In the bull market following the end of WWII (1947 – 1965), our prosperity eventually grew lots of problems. Powerful labor unions were driving up the cost of labor. Lyndon “guns and butter” Johnson decided to solve the funding problems caused by rapidly expanding social programs and the Vietnam War by goosing the money machine at the Federal Reserve.
It took a long time to solve the inflation that was the result of this post war prosperity. It was what we learned from the pain of the seventies that drove the economic expansion of the eighties and nineties. Tight money eventually led to lower interest rates. Outsourcing and offshoring dramatically lowered labor costs for American business. This helped to increase corporate profits and drove stock prices higher for seventeen years.
The reason a market economy works is because it learns from its mistakes, whereas socialism (being managed to eliminate pain) has no such self-correcting mechanism, and stays stupid. Today we have debt problems instead inflation problems and there is no way they are going to be easily or rapidly fixed. It took seventeen years in the eighties and nineties to apply the solutions for the problems that were identified in the seventies.

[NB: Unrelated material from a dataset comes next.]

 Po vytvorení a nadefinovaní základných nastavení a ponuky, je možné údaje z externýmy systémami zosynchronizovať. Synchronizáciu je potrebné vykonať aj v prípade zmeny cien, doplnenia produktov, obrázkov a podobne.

One could make the argument (if it were not politically incorrect) that the more pain the better, that long and sharp corrections in the market generate a better learning experience, and lead to long and positive bull markets. Of course, then it all starts all over again, but that’s the way it is, isn’t it?

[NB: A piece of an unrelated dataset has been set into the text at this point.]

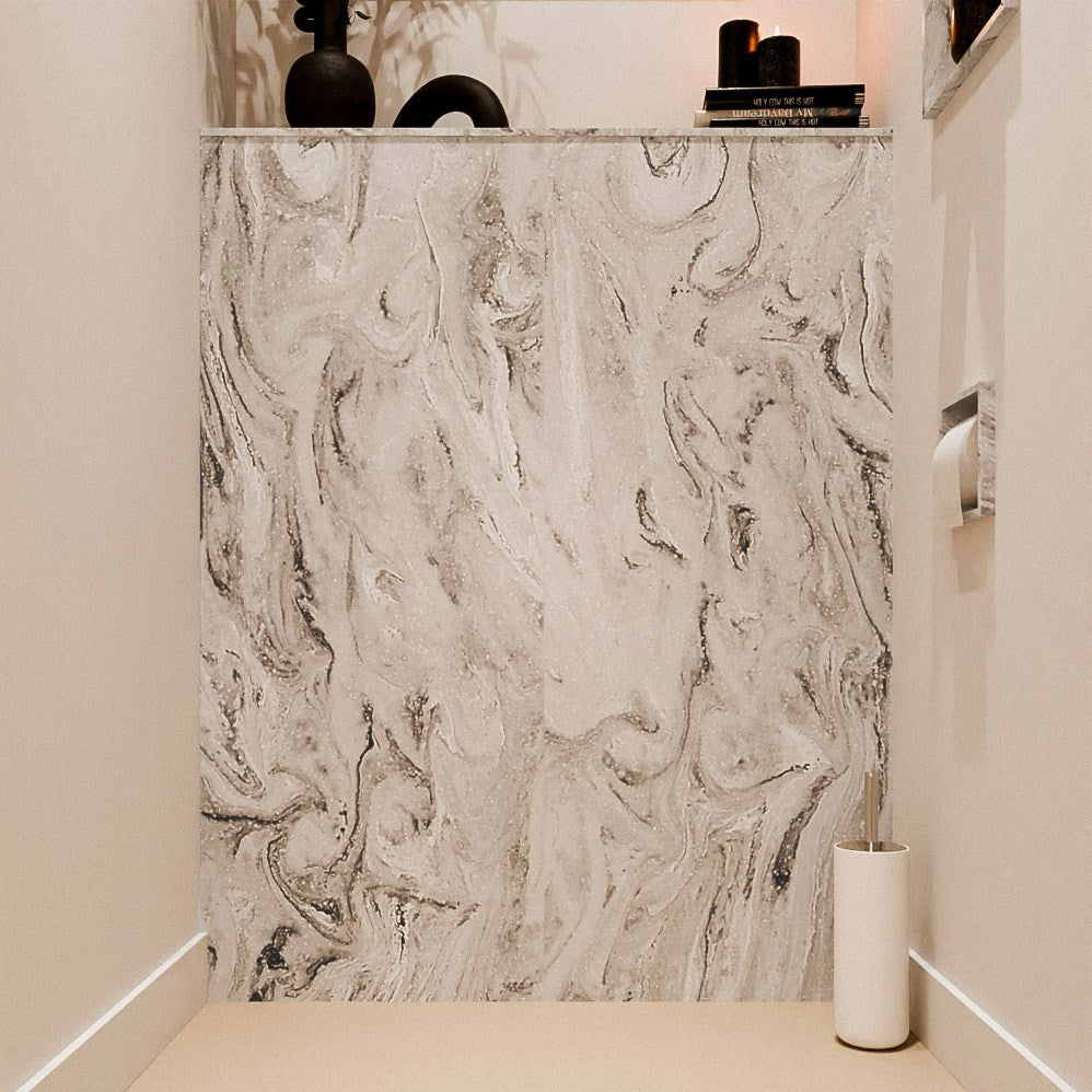 Deze set bestaat uit 1 toiletplaat van 100x125cm gecombineerd met een 1 planchetplaat van 100x23cm met beide een dikte van 12mm en is speciaal ontworpen voor een stijlvolle afwerking van jouw hangtoilet. Deze set wordt geleverd zonder vooraf geboorde gaten, het is daarom nodig om zelf gaten te boren om de plaat te installeren. Mocht je dat niet willen, dan hebben we deze set ook beschikbaar met voorgeboorde gaten voor extra gebruiksgemak. Het feit dat je na de installatie de muur niet meer hoeft te betegelen, bespaart niet alleen tijd maar voegt ook een strak en modern element toe aan de toiletruimte. De achterwand bestaat uit twee platen die naadloos aan elkaar zijn verlijmd, waarbij de naad wel zichtbaar maar niet voelbaar is. Deze subtiele naad valt precies in het midden van het toilet / bedieningsplaat. De planchetplaat bestaat uit ŽŽn enkele plaat. Tevens zijn de platen vervaardigd uit solid surface (Corian) materiaal en is maatwerk mogelijk!

So, today, it not so much a question of have the problems been fixed, as it is have they been identified, and has there been enough pain so that real solutions will be applied. As Buffett says, pundits tend to have crystal balls firmly affixed to a rear view mirror, so now as they make predictions they are not really looking at future but at the devastation and destruction of the last five years, and as always, projecting that past into the future.
Projecting the immediate past into the future was not very helpful in 2008 and I suspect that it will be just as misleading now as it was then. It is my humble opinion that a much better guide to the future will be to measure the pain we have experienced and project future economic growth based the amount and the intensity of that pain. For economists I suggest they dump their crystal balls and learn to love the pain.
Certainly Greece is important, and we have to learn to control our debt, but these problems have become obvious, and anything obvious is already in the market. We are probably not yet at the end of our secular bear market, but there has been a lot of pain and this raises the strong likelihood that somewhere in the not too distant future there lies the pleasant prospect of a long lovely bull market.